Это означало, что мы должны были отработать свою стипендию в течение нескольких лет там, где нам укажут власти штата. Случайно, не помню уж как именно, я узнал о том, что на троих стипендиатов имелось лишь одно действительно стоящее место.
Что было делать? Червь сомнения точил мою душу. Я знал, что Мериам является ярой троцкисткой. Правда, в те годы ее группа действовала нелегально. Но я-то знал, что Мериам — активистка, „боевик“, как ее называли в их организации, фанатично преданная идеям Леона Бронштейна. Я ведь и сам одно время увлекался троцкизмом, хотя и не до такой степени, чтобы стать членом организации. Стив был помешан на Бакунине. Им были проштудированы все работы вождя анархизма. И хотя он сам и члены его группы вряд ли могли бы четко сформулировать различие между платформами Бакунина и Кропоткина, вражда между бакунинцами и кропоткинцами в колледже не утихала ни на день. В личной библиотеке Стива имелись многие книги, в которых так или иначе действовали анархисты. За рабочим столом на стене его комнаты красовалась тельняшка. „Настоящая русская тельняшка, — гордо объяснял он каждому, кто навещал его дома. Дань уважения великим анархистским традициям российского флота“. И анархизм меня в свое время привлекал. Но не настолько, чтобы очертя голову воевать за идеи анархистского „парадиза“.
Меж тем, „охота на ведьм“ была в полном разгаре. Профессора, ученые с мировым именем, изгонялись со своих кафедр только за то, что когда-то имели легкомысленную неосмотрительность процитировать Маркса, упомянуть о Ленине. Толпами исключались студенты, которых администрация колледжа или университета имела хоть малейшее основание заподозрить в инакомыслии. Изгнать „красную заразу“ отовсюду было элементарным долгом гражданина и патриота. Кто не знал в нашем колледже „угрюмого Дуайта“? Преподаватель гражданской самообороны, он был всевидящим и всеслышашим оком ФБР. Все его сторонились, за глаза ругали цензурно и нецензурно, ненавидели, презирали.
В глаза, однако, льстили. Угодничали. Заискивали.

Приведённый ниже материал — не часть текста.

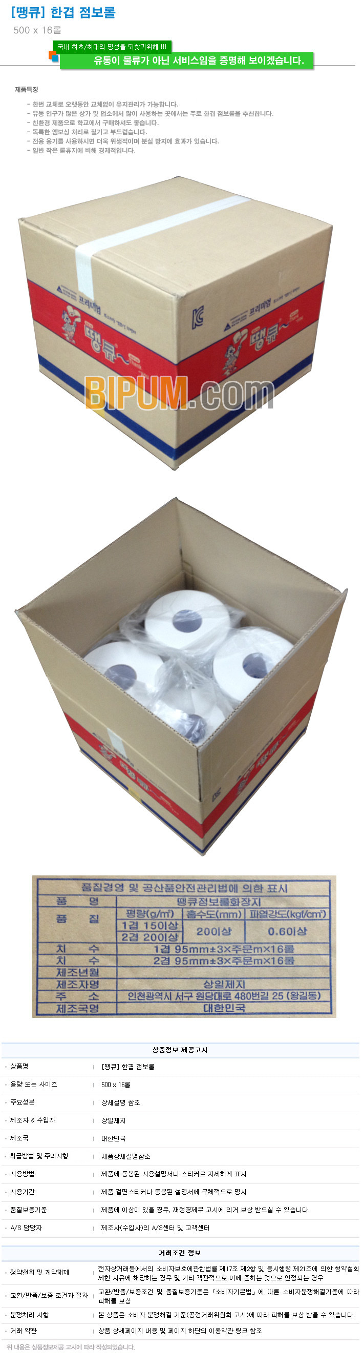 1. 품명 및 모델명 : 땡큐500 점보롤화장지 x 16롤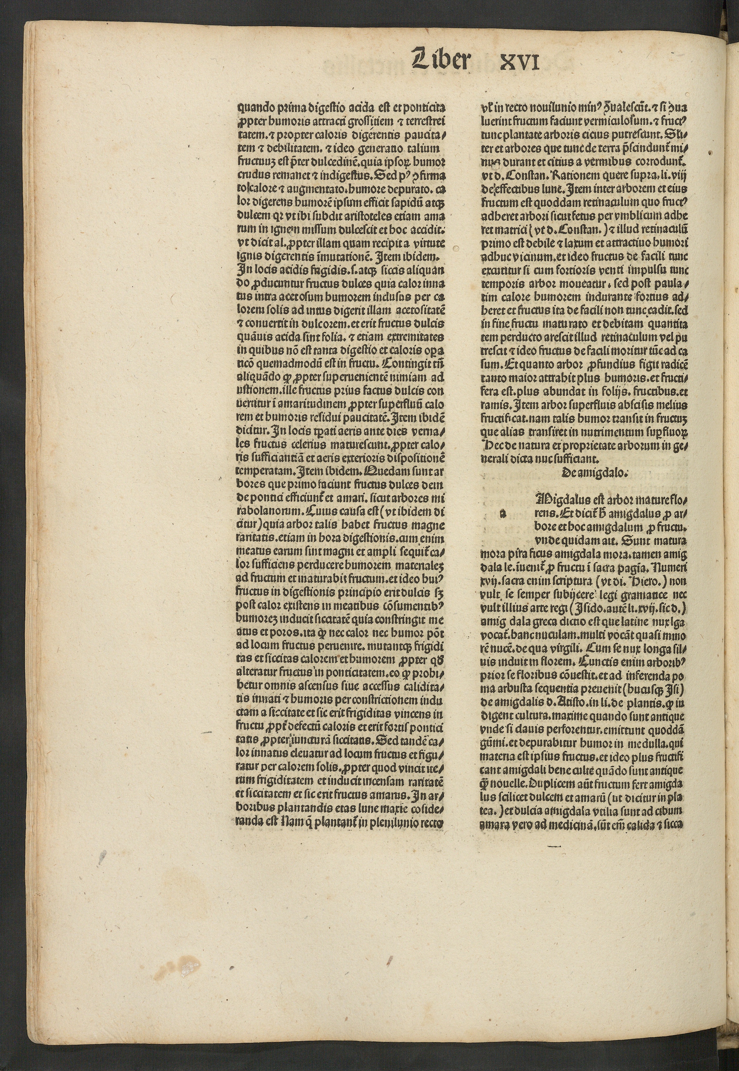XVIvͤl in recto nouilunio minus Zualescunt. 7 si dualuerint fructum faciunt vermiculosum. ⁊ fruci-tunc plantate arboris cicius putrescunt. Sli-ter et arbores que tunc de terra p̄scinduntr mi-nus durant et citius a vermibus corrodunter.vt d. Constan. Rationem quere supra, li. viiide effectibus lune. Item inter arborem et eiusfructum est quoddam retinaculum quo fructumadberet arbori sicut fetus per vmblicum adheret matrici(vt d. Lonstan.) ⁊ illud retinaculumprimo est debile ⁊ laxum et alltractiuo humoriadbuc vianum. et ideo fructus de facili tuncexcutitur si cum fortioris venti impulsu tunctemporis arbor moueatur. sed post paula-tim calore humorem indurante fortius ad-beret et fructus ita de facili non tunc cadit. sedin fine fructu maturato et debitam quantitatem perducto arescit illud retinaculum vel putresat ⁊ ideo fructus de facili moritur tunc ad casum. Et quanto arbor profundius figit radicentanto maior attrahit plus humoris. et fructi-fera est. plus abundat in folijs. fructibus. etramis. Item arbor superfluis abscisis meliusfructificat. nam talis humor transit in fructuzque alias transiret in nutrimentum superfiuoꝛDec de natura et proprietate arborum in ge-nerali dicta nuc sufficiant.De amigdalo.Digdalus est arbor matureflo-rens. Et dicitur b amigdalus pro ar-bore et hoc amigdalum pro fruciu.vnde quidam ait. Sunt maturamora pira ficus amigdala mora. tamen amigdala le. iuenitur p fructu i sacra pagia. Numenxvij. sacra enim scriptura(vt di. Hiero.) nonvult se semper subijcere legi gramance necvult illius arte regi(Isido. aute li. rvij. sic d.)amig dala greca dictio est que latine nuxlgavocatur. banc nuculam. multi vocant quasi minoren nucem. de qua virgili. Cum se nux longa sil-uis induit in florem."Lunctis enim arborib"prior se floribus conuestit. et ad inferenda poma arbusta sequentia preuenit(hucusque Zsi)de amigdalis d. Atisto. in li. de plantis. quod indigent cultura. maxime quando sunt antiquevnde si dauis perforentur. emittunt quoddamgunti. et depurabitur humor in medulla. quimateria est ipsius fructus. et ideo plus fructificant amigdali bene culte quando sunt antiquequam nouelle. Duplicem autem fructum fert amigdalus scilicet dulcem et amarum(ut dicitur in platea.) et dulcia amigdala vtilia sunt ad cibum### amara vero ad medicinam, sunt enim calida ⁊ sicca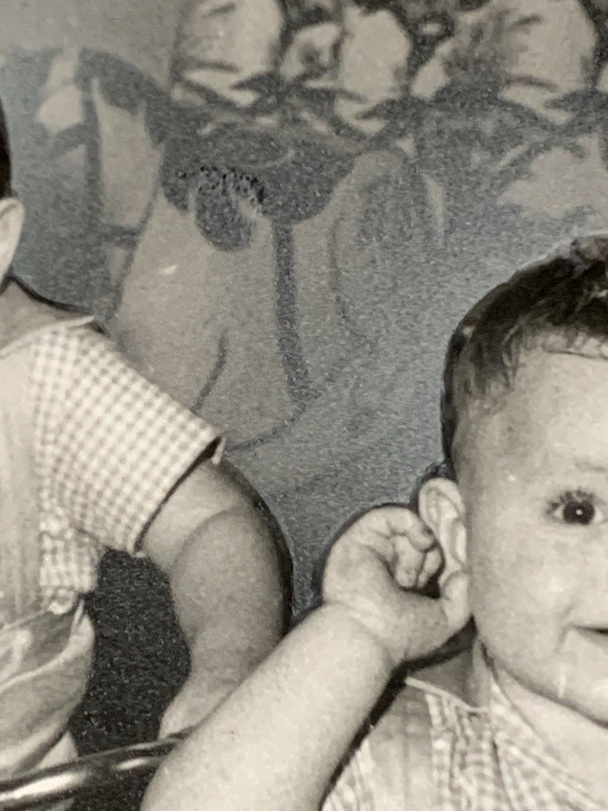 This photo, looks as if it was airbrushed with some white background on the upper portions of the image to allow for more separation of their bodies and the busy background. So by old school, rubyliths were cut to protect the image not being airbrushed for those from the old days in printing!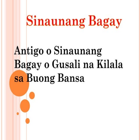 Mga Sinaunang Bagay ( Lesson in Sining VI ) | PPT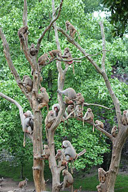 De 112 mantelbavianen in het dierenpark Emmen zitten in grote stress. Sinds maandag hebben ze zich verschanst in een aantal kale bomen en een hoge rots en zijn daar bijna niet weg te krijgen. Ze eten maar mondjesmaat en maken nauwelijks geluid. Een vreemde gewaarwording.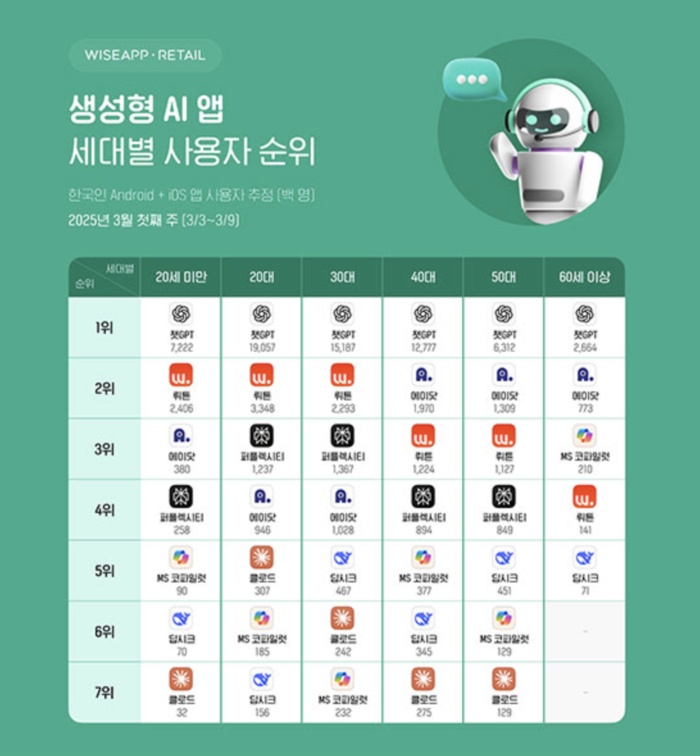 [사진 = 와이즈앱·리테일] 오픈AI의 챗GPT가 국내 생성형 인공지능(AI) 앱 사용 순위에서 굳건하게 전 연령대 1위를 지키고 있다.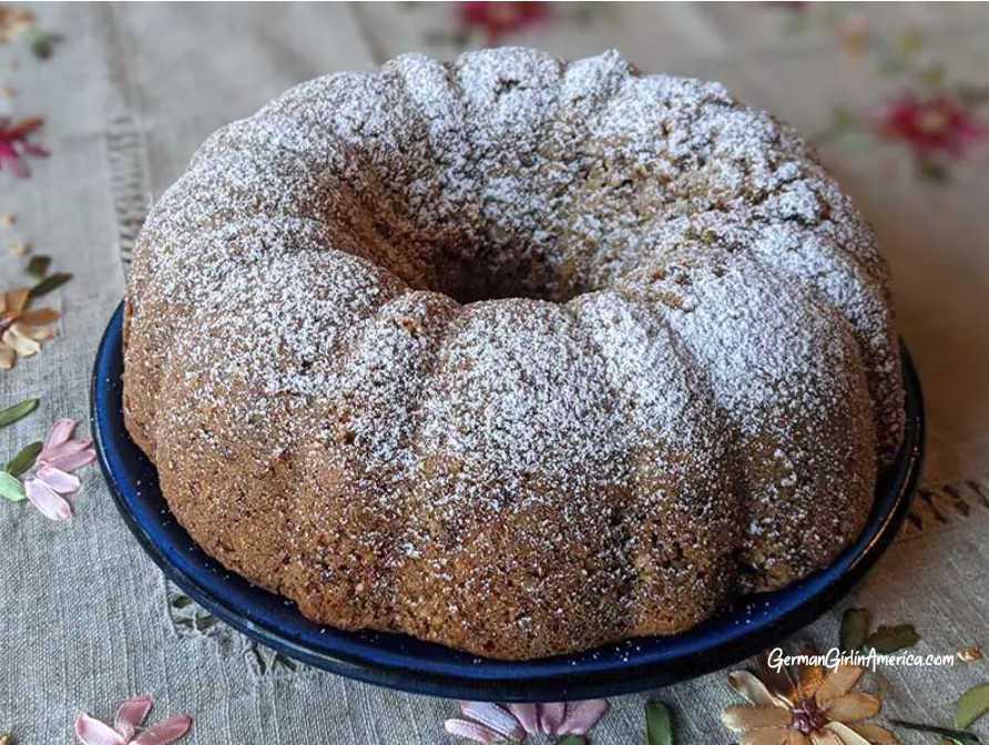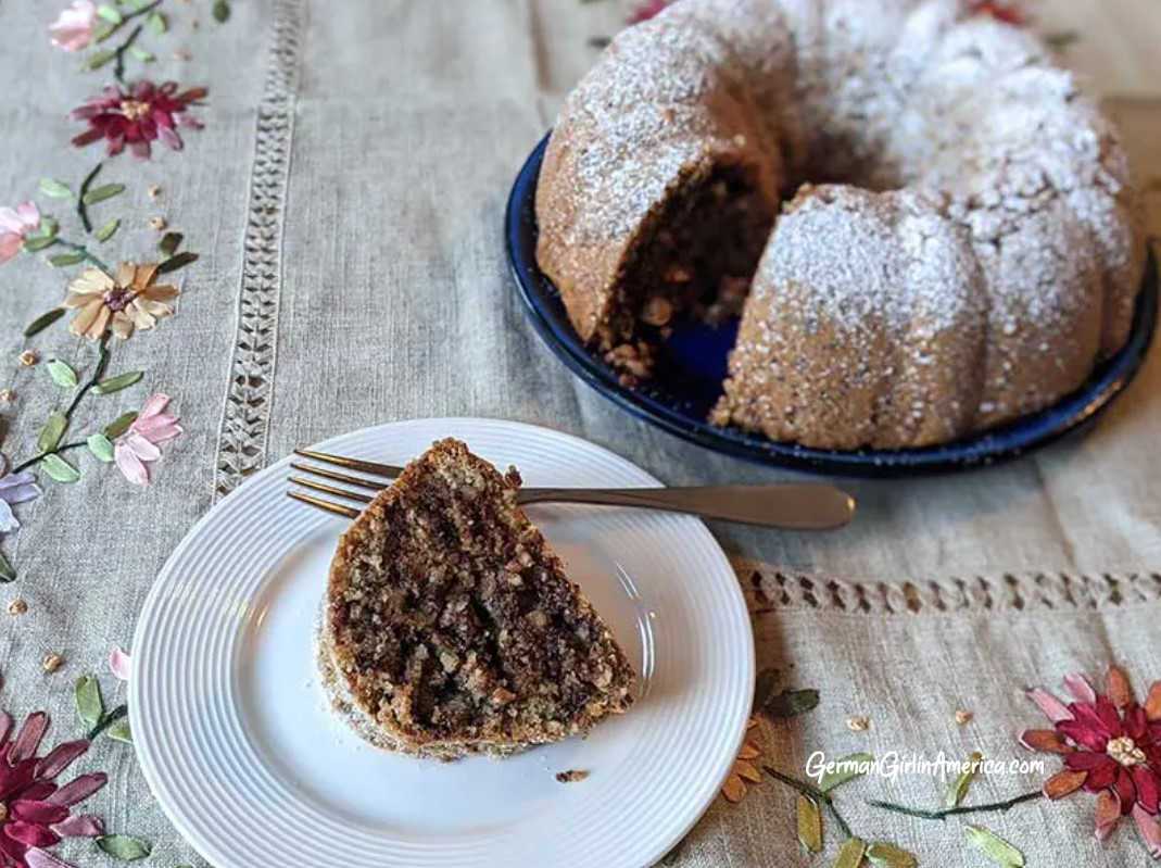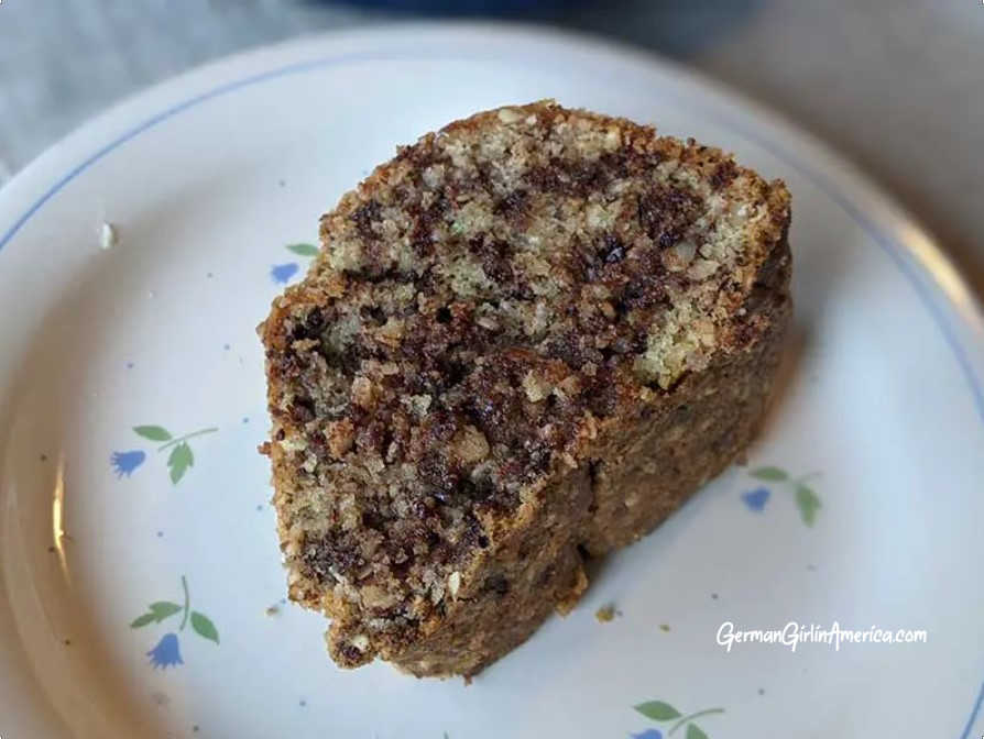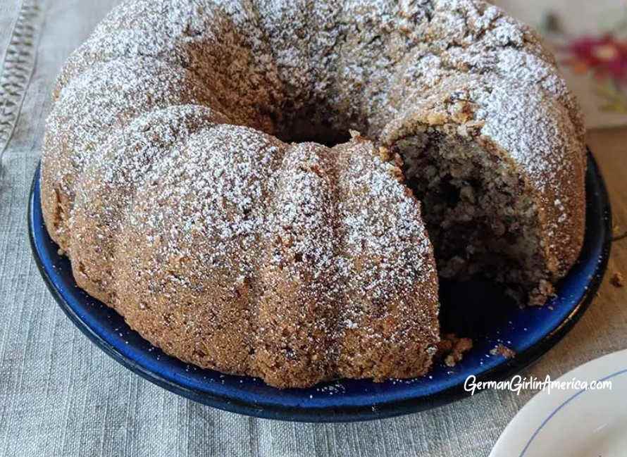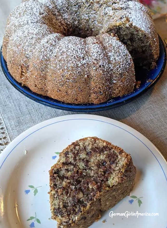 I sprinkle powdered sugar over the top to “decorate” because that’s what Oma did. For even coverage, spoon the powdered sugar into a sieve and shake the sieve over the cake. Want to dress it up a bit? Try drizzling the Schoko-Nusskuchen with a chocolate glaze and sprinkle with a few chopped nuts.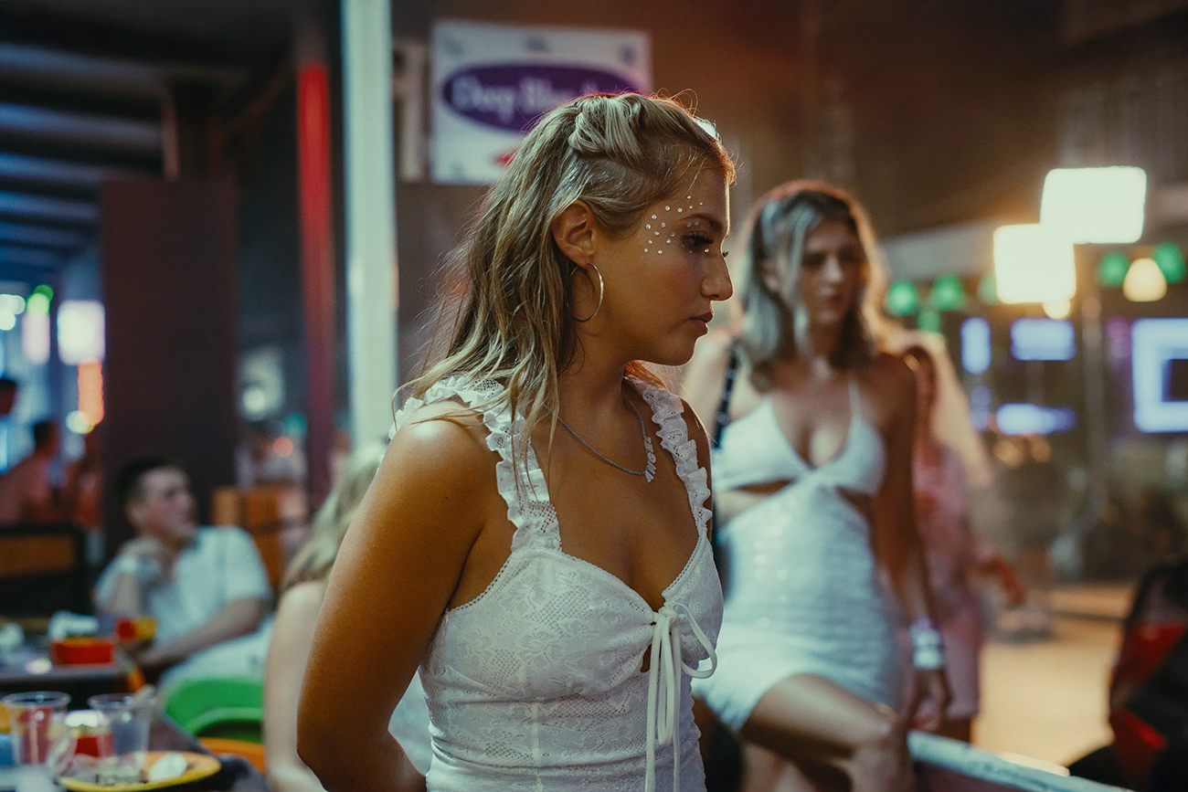 Tara viaja para Creta com as melhores amigas, Em e Skye, esperando surpresas. Essa é a primeira das muitas “experiências adultas” que pretende ter nesse êxodo idílico, malgrado ainda seja pouco mais que uma garota e não tenha sequer acabado a escola. As outras são tomar uma épica carraspana e, claro, ir para a cama com o maior número de parceiros que conseguir, e uma coisa leva à outra. Em seu roteiro, Walker dedica bastante tempo a decompor as personalidades de cada uma, ressaltando nuanças que ficam mais evidentes minuto a minuto. Tara é a típica boa moça, mas sem preconceitos, compreensiva, disposta a ter contato com gente de outros universos. Em e Skye tomam a frente da tarefa, elas mesmas interessadas em aproveitar todas as oportunidades e fazer todas as loucuras que puderem. Elas vão a um inferninho onde se embriagam, voltam para o hotel depois de umas paradas para urinar e no dia seguinte enturmam-se com os hóspedes do quarto ao lado. E vão fundo.
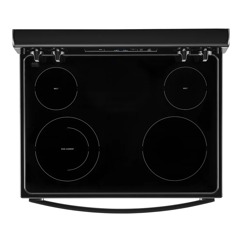 - Ceramic glass cooktop has raised edges helping contain spills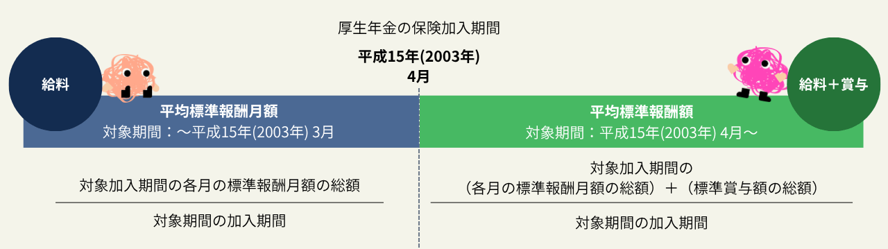 平成15年4月以降の加入期間において、計算の基礎となる各月の標準報酬月額と標準賞与額の総額を、平成15年4月以降の加入期間で割って得た額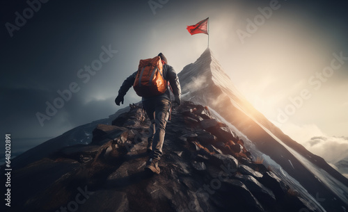 The watermark will not be included on Wall mural.: Hiker man heading to mountain top where there is a flag on top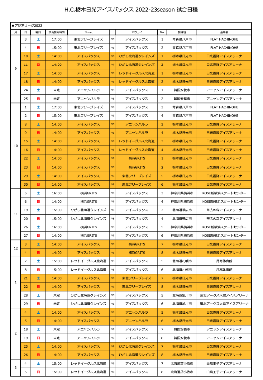 アジアリーグ2022 開催要項及びスケジュール決定のお知らせ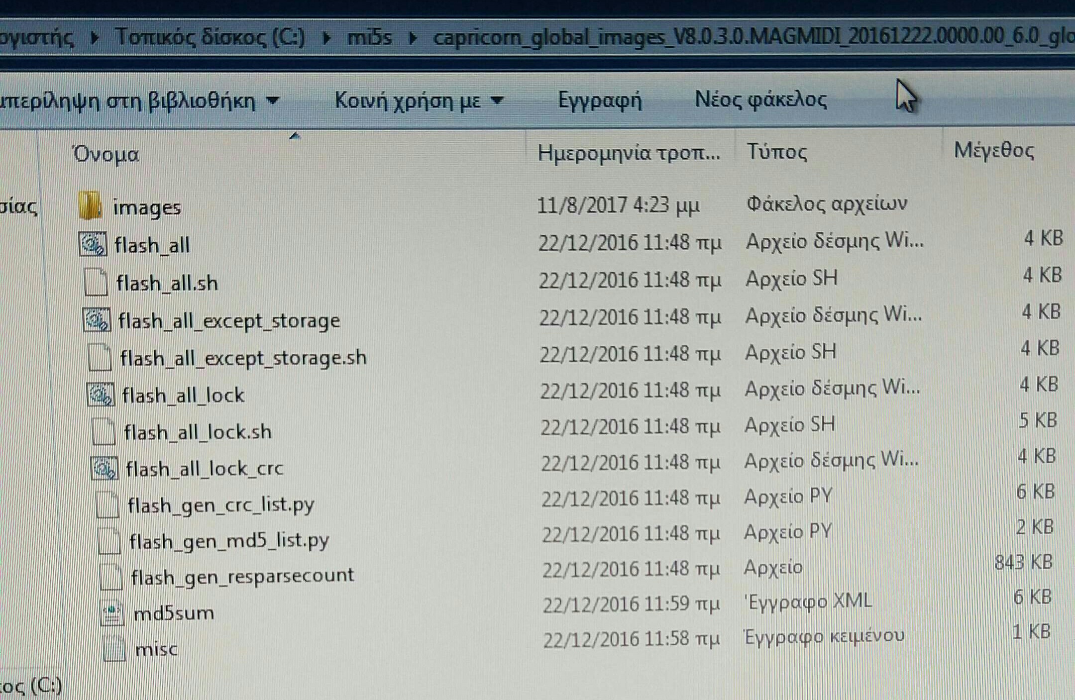 Στο miflash θα επιλέξεις τον δεύτερο φάκελο που έχει το όνομα της ρομ (capricom....) και θα δουλέψει

За день до приезда комиссии штата, которая должна была выбрать из нас троих одного, „угрюмый Дуайт“ беседовал — я это точно знаю! — с Мериам, со Стивом и со мной. Уж не ведаю, что они наговорили ему про меня, только встретил он меня холодно, даже зло. Впрочем, может быть, это была его обычная манера, я с ним лично общался в первый и последний раз. „Что ж, молодой человек, решили ниспровергнуть законные власти, не так ли?“. Я попытался было возразить. „Бросьте, — резко оборвал меня он. — Мне все известно: и ваши анархистские фантазии и ваши троцкистские утопии“. Я продолжал настаивать на том, что вполне избавился как от одного, так и от другого. „Выходит, ваши политические убеждения вроде коклюша?“. Я скромно заметил, что это были не убеждения, а увлечения и что я излечился от обоих недугов даже легче, чем ребенок преодолевает коклюш. „Как это у Вас все гладенько получается, — саркастически заметил „угрюмый Дуайт“. — Все переболели и все превратились в стопроцентных патриотов. А?“ Я ответил, что, к сожалению, это произошло далеко не со всеми. „Ну-ка, ну-ка, будьте хоть раз в жизни откровенны, — потребовал „угрюмый Дуайт“.